Exercise aim: Set out exactly every line of the entries below, starting at the line that holds "Vネックデザイン全体をすっきり見え◎" and stopping after the line that holds "Люди наблюдают за".

Records shown:
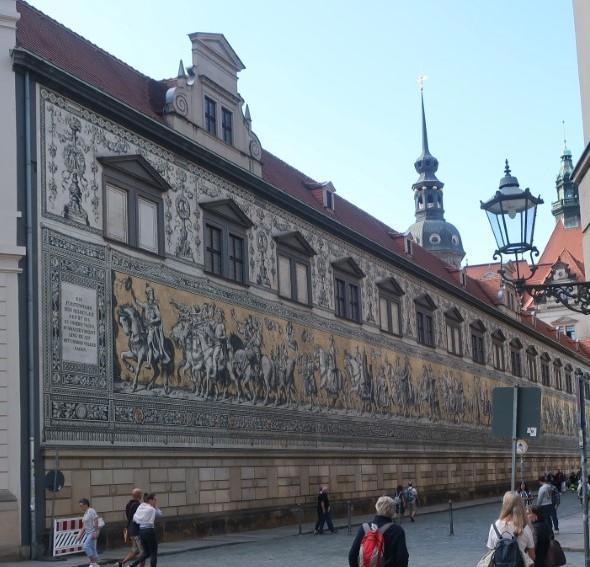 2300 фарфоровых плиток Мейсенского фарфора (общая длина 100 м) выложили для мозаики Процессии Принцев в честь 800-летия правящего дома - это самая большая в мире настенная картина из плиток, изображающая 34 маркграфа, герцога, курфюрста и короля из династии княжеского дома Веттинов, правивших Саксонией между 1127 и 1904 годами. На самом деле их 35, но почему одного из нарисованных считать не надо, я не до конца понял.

* * *

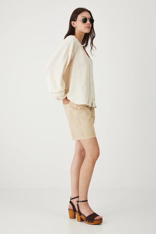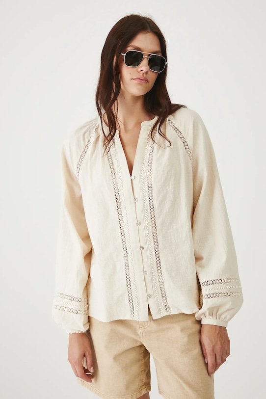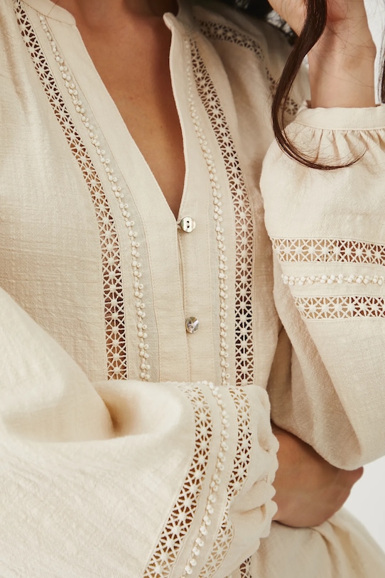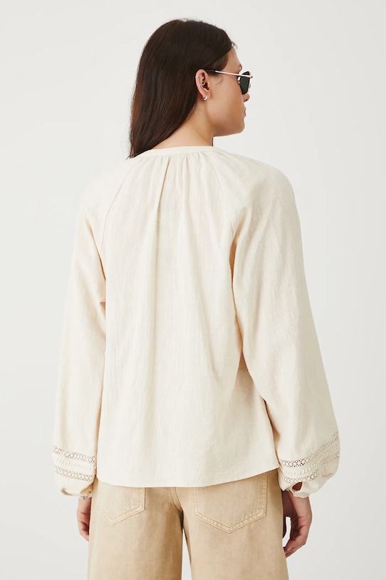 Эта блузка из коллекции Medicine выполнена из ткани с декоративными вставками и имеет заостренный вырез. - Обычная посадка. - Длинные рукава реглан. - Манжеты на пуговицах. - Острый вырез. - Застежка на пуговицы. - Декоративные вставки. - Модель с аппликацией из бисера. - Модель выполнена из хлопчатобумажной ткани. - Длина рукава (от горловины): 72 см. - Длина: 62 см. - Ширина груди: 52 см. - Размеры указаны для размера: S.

...

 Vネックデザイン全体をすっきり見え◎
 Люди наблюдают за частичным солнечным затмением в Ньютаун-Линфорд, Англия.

Exercise answer:
 Vネックデザイン全体をすっきり見え◎
 Люди наблюдают за частичным солнечным затмением в Ньютаун-Линфорд, Англия.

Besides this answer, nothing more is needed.